The permission bits can also be u, g or o, which takes the permission bits from
the user, group or other of the file respectively.


8. EXCLUDING FILES FROM THE FILESYSTEM
--------------------------------------

Sqfstar can exclude files from the TAR archive, so that they don't appear in
the Squashfs filesystem.  Exclude files can be directly specified on
the command line (immediately after the FILESYSTEM argument), or the -ef
option can be used to specify an exclude file, with one exclude file per line.

Exclude files by default use wildcard matching (globbing) and can match on
more than one file (if wildcards are used).  Regular expression matching
can be used instead by specifying the -regex option.  In most cases wildcards
should be used rather than regular expressions because wildcard matching
behaviour is significantly easier to understand!
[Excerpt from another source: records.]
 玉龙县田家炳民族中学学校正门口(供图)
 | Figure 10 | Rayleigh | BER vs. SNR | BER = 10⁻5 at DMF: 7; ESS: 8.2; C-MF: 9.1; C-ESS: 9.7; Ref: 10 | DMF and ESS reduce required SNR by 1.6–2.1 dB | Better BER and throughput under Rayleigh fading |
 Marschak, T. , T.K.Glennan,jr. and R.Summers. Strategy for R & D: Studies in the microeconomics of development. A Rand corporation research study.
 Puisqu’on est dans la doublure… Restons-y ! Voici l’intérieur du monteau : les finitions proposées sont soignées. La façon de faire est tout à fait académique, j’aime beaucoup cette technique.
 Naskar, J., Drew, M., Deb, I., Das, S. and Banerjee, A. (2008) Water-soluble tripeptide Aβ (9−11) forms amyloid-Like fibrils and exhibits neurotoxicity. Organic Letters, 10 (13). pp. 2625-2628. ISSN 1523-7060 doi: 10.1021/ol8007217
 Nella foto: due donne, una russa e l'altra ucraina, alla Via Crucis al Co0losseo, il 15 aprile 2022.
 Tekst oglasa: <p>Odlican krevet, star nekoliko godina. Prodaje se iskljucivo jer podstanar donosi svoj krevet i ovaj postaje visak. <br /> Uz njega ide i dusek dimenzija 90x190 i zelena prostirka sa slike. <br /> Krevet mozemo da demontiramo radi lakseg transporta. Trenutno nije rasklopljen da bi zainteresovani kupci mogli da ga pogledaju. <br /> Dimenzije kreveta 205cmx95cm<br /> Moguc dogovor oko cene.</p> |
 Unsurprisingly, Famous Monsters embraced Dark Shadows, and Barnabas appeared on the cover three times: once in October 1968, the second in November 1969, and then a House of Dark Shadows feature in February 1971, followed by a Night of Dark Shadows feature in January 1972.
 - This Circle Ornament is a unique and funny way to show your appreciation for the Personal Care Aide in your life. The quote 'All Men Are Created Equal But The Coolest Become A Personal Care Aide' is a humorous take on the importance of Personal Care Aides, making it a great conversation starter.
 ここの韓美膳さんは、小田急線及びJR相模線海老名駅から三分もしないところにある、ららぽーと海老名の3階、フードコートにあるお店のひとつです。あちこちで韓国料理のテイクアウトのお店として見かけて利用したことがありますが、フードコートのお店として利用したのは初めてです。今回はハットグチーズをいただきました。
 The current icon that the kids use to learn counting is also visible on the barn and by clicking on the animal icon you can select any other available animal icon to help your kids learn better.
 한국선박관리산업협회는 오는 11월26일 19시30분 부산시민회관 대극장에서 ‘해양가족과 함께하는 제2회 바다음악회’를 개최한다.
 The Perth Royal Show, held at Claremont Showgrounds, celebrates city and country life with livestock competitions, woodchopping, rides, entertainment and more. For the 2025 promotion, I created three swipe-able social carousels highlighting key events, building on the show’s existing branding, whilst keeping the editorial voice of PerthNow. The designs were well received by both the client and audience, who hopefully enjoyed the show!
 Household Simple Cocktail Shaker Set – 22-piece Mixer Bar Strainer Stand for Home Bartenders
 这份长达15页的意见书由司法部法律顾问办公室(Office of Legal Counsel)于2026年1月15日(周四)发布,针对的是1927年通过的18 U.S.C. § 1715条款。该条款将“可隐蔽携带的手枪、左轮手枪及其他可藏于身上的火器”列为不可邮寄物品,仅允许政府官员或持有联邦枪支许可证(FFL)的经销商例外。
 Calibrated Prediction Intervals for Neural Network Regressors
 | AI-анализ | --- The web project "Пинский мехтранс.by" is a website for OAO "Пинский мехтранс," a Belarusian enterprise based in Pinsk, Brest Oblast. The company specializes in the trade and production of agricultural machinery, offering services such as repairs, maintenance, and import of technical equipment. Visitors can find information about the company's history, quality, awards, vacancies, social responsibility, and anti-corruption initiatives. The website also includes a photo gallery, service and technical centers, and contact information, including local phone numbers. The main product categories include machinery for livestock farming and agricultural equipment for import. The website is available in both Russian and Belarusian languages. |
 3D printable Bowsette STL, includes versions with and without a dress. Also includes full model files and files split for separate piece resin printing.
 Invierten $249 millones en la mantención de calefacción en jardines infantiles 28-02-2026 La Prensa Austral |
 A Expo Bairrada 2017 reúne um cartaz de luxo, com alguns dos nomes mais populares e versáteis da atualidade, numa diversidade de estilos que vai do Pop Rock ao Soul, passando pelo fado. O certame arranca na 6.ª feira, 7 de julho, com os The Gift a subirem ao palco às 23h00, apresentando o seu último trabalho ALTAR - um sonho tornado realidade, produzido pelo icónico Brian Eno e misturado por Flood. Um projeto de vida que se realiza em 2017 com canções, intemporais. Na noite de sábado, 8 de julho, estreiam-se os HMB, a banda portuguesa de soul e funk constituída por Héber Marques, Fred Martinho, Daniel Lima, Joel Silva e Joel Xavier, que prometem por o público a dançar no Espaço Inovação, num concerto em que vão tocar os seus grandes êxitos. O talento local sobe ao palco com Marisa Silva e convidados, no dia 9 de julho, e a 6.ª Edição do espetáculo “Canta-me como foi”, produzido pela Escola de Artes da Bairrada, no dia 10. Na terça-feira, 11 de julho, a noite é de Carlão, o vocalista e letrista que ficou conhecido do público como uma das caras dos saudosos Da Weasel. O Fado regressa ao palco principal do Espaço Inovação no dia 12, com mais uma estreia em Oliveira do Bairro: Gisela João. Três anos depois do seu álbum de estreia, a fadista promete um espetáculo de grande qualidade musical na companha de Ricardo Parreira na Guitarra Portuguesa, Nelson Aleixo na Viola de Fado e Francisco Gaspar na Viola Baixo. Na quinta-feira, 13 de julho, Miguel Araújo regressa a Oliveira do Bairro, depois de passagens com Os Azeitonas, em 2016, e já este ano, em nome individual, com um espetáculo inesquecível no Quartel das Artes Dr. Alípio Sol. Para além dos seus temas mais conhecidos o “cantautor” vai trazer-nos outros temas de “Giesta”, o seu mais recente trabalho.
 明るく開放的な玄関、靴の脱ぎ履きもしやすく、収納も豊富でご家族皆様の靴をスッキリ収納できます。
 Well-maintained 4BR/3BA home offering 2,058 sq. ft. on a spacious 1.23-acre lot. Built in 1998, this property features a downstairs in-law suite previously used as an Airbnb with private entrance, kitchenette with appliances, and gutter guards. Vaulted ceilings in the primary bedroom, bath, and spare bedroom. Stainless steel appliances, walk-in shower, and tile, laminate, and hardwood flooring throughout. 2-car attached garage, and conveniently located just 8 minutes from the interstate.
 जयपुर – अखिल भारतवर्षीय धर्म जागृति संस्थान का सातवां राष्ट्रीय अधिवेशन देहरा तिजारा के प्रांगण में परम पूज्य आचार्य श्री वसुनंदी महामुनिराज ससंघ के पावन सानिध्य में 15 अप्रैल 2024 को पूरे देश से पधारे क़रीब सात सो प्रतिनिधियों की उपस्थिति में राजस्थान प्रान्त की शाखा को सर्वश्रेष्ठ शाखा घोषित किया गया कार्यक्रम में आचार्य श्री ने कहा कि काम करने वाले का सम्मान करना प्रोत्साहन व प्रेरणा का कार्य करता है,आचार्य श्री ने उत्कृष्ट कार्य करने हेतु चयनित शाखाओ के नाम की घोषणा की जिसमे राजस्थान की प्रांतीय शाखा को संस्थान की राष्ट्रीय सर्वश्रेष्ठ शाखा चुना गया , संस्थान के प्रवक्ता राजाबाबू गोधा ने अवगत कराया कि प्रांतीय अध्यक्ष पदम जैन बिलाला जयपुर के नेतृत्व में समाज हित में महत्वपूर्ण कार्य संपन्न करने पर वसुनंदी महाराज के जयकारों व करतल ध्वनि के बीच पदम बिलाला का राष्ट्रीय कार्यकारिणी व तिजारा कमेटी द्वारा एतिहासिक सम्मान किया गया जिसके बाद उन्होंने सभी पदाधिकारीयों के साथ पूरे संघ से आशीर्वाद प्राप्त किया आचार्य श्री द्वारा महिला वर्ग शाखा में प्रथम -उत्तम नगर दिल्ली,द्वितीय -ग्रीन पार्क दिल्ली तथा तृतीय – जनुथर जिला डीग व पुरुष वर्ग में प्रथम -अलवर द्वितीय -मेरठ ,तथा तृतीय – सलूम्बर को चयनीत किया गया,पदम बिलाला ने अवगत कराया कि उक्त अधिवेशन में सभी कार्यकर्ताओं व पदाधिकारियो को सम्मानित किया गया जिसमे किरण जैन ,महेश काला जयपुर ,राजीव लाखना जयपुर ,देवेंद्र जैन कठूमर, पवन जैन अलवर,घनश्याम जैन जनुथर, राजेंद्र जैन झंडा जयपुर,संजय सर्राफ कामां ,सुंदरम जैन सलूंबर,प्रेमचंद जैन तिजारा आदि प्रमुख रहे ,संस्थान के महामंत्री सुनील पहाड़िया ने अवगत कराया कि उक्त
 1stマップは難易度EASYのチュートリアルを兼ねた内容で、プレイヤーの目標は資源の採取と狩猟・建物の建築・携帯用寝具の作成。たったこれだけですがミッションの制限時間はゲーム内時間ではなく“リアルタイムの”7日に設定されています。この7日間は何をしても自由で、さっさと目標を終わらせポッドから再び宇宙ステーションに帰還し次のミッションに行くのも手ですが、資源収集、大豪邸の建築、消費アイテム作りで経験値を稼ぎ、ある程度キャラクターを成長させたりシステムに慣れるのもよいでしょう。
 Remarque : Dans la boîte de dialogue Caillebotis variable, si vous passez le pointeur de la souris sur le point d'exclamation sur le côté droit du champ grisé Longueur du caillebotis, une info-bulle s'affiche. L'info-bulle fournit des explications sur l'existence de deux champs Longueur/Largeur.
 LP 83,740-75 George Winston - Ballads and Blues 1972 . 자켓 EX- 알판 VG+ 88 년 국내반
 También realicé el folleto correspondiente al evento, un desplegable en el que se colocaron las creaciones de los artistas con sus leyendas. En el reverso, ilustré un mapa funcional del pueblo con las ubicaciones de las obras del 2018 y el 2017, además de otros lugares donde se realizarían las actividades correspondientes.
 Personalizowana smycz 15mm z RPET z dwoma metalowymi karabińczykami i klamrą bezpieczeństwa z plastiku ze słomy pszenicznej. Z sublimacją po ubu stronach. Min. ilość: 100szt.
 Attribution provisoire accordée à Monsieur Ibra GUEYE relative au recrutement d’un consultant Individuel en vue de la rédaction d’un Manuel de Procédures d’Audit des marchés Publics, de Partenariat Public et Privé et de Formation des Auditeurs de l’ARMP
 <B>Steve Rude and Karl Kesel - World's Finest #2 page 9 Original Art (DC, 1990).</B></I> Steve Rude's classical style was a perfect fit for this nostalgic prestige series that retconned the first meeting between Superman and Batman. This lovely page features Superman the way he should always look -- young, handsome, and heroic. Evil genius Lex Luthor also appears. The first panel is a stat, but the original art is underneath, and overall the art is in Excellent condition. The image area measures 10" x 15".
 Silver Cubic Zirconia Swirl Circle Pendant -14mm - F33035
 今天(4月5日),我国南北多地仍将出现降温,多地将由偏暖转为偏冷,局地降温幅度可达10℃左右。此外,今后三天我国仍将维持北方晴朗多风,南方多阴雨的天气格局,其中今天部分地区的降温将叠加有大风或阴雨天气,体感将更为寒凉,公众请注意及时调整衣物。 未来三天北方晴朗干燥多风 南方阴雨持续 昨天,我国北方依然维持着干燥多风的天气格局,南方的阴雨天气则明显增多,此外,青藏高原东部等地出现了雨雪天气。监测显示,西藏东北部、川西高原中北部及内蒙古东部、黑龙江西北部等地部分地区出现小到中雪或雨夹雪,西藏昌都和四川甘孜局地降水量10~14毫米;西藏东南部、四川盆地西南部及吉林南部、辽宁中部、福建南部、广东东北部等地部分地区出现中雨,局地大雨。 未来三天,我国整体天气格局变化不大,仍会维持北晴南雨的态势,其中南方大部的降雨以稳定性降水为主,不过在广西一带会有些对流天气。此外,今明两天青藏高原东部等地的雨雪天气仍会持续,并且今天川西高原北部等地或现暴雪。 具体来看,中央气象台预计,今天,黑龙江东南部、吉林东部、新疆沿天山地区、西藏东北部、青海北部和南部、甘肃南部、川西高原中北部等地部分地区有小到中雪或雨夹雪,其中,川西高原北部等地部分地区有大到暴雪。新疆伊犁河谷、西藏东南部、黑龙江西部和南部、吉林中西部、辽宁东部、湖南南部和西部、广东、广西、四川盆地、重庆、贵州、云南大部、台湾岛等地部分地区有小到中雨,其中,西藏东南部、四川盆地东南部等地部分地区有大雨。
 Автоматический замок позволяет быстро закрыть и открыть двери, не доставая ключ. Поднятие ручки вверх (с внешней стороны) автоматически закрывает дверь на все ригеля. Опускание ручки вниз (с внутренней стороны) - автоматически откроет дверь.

In addition to wildcards/regex expressions, exclude files can be "anchored" or
"non-anchored".  An anchored exclude is one which matches from the root of the
directory and nowhere else, a non-anchored exclude matches anywhere.  For
example given the directory hierarchy "a/b/c/a/b", the anchored exclude "a/b"
will match "a/b" at the root of the directory hierarchy, but it will not match
the "/a/b" sub-directory within directory "c", whereas a non-anchored exclude
would.

A couple of examples should make this clearer.

Anchored excludes

  1. sqfstar image.sqsh 'test/*.gz' < archive.tar

     Exclude all files matching "*.gz" in the top level directory "test".

  2. sqfstar image.sqsh '*/[Tt]est/example*' < archive.tar

     Exclude all files beginning with "example" inside directories called
     "Test" or "test", that occur inside any top level directory.

  Using extended wildcards, negative matching is also possible.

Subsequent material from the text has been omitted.